Callow believes the only way out of this impasse is for governments to step in and make ransom payments illegal, even if that would create worse financial outcomes for some companies that have been targeted. “Companies would undoubtedly feel the pain as a result,” he said. “Some may even be forced to close. But attacks have forced some companies to close anyway and, really, what choice do we have here?”
In the private sector, at least one major insurance company has already declared it will no longer cover digital ransom payments for its clients. AXA, one of Europe’s biggest insurers, swore off the practice at the behest of the French government.

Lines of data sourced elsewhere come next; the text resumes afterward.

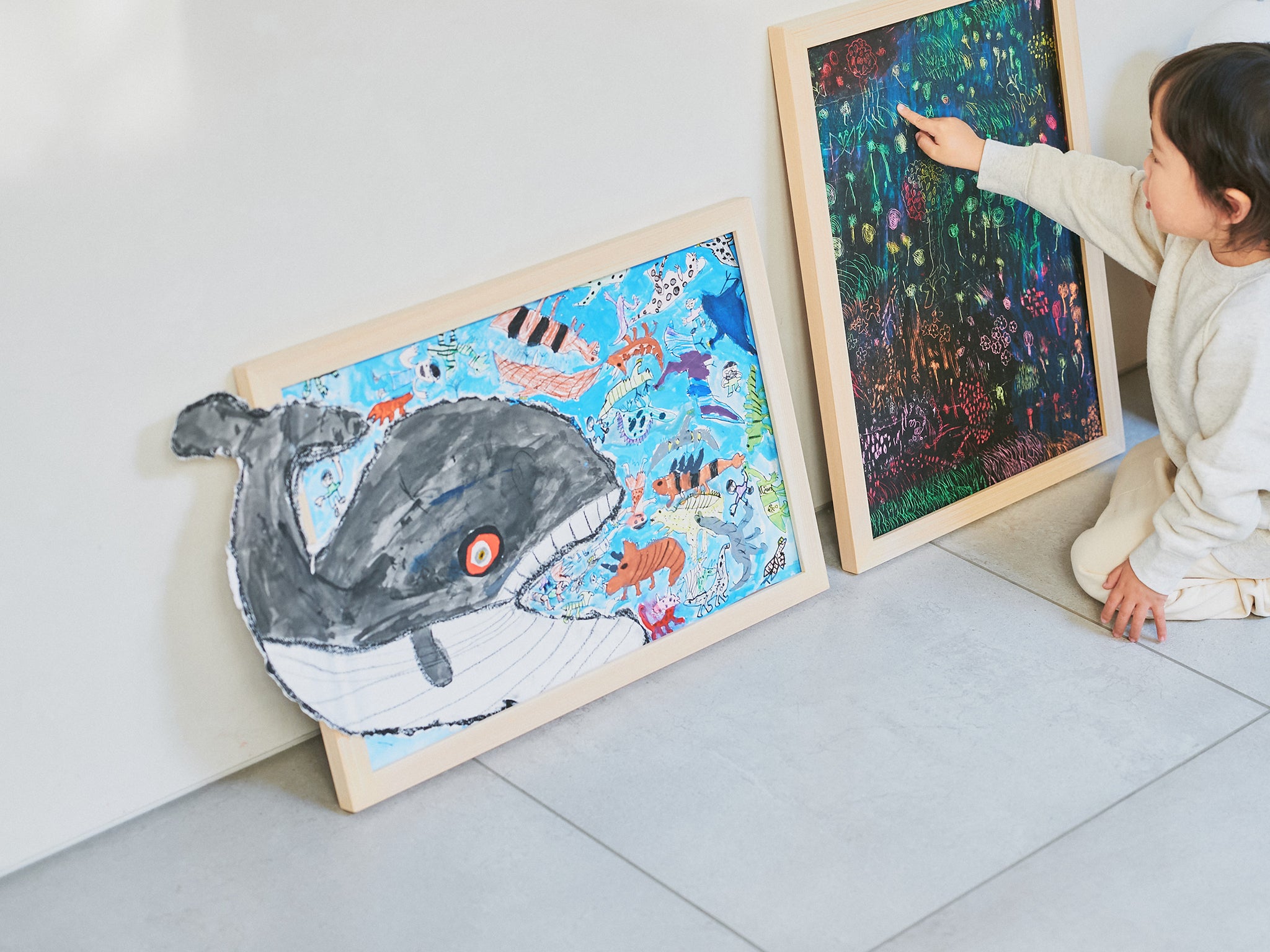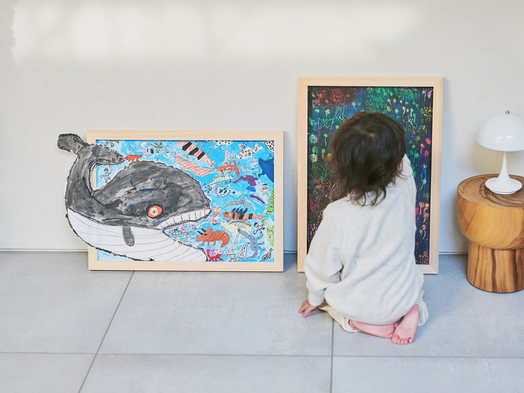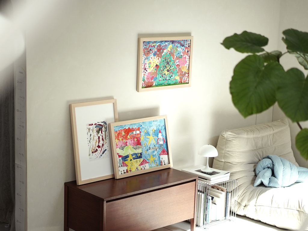 自分の作品が見える場所にあると、子どものうれしい気持ちが広がります。リビングや子ども部屋に飾って、毎日眺める楽しみを。
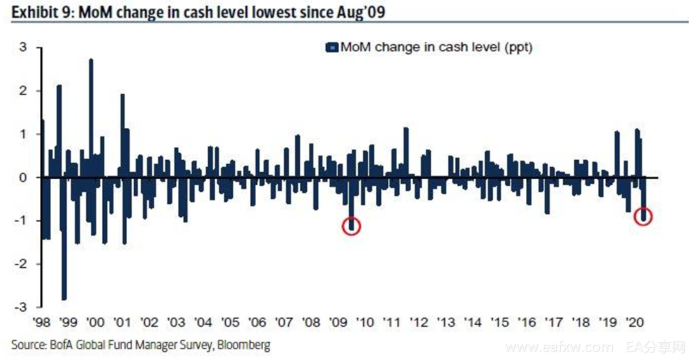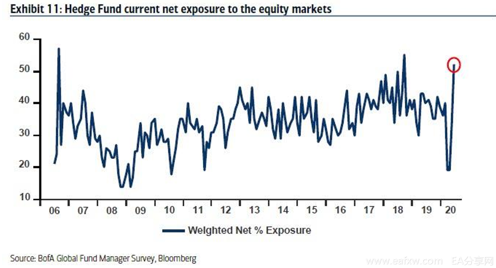 该调查显示,基金经理将他们的现金头寸从5.7%削减至4.7%以追赶股市,这是自2009年8月以来的最大跌幅此外,由于标普500指数较今年低点上涨超过30%,为追赶散户投资者,对冲基金将股票敞口比例从34%提升至52%,为2018年9月以来最高水平。
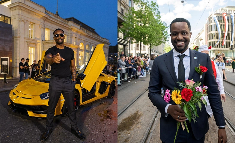 Credits: Vorbild oder Verkaufsmasche? Links ein KI-generiertes Bild von Charles Nguela, rechts das Original © Basil Stücheli und Conscious Influence Hub
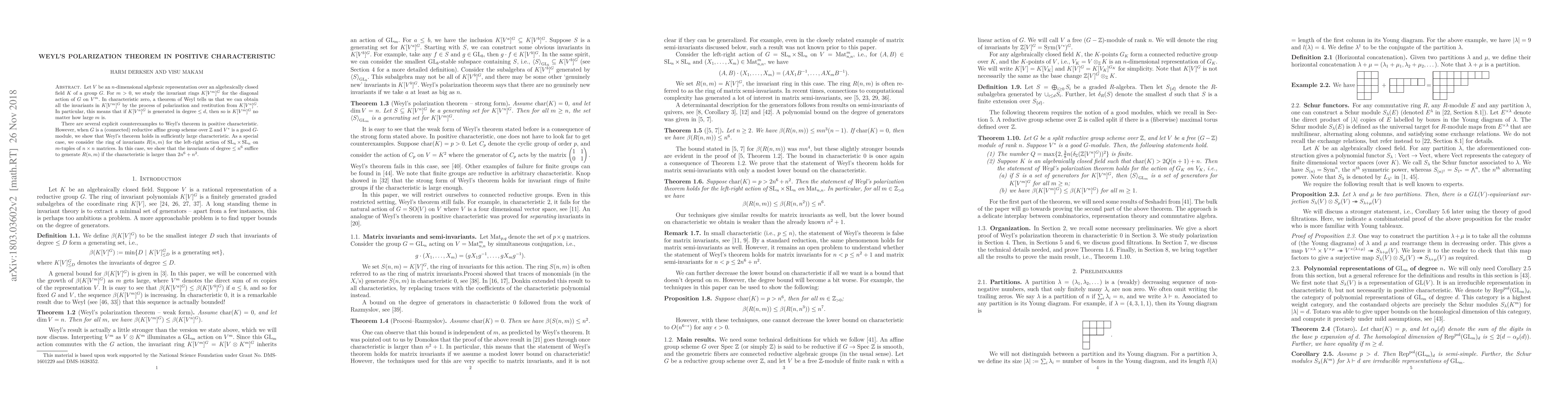This paper studies Weyl's polarization theorem in positive characteristic, demonstrating that while counterexamples exist, the theorem holds for reductive affine group schemes over $\mathbb{Z}$ when the characteristic is sufficiently large. Specifically, it shows that the invariants of degree $\leq n^6$ generate the ring of invariants for the action of ${\rm SL}_n \times {\rm SL}_n$ on $m$-tuples of $n \times n$ matrices if the characteristic exceeds $2n^6 + n^2$.

But Lewis says it doesn’t make sense to tell businesses not to make ransom payments if it’s in their economic interest to do so. The root of the problem isn’t that companies are paying ransoms, he said. It’s the fact that businesses don’t have adequate cyber defenses, and that the international community hasn’t adequately confronted Russia and other countries that harbor hacking groups to force them to crack down on cybercriminals.
“Until we get this under control, and that means figuring out a way to deal with the Russians, and figuring out a way to make sure critical infrastructure like hospitals do the right things to make themselves harder targets for ransomware,” Lewis said, it doesn’t make sense to stop companies from paying ransoms.
“People need to think of this as a business, and for the victims it’s a business decision,” said Lewis. “Right now there are so many vulnerabilities and so many inadequately defended networks that not paying isn’t going to mean less ransomware attacks. It’s just going to mean you go out of business… or have revenue loss for some period of time.”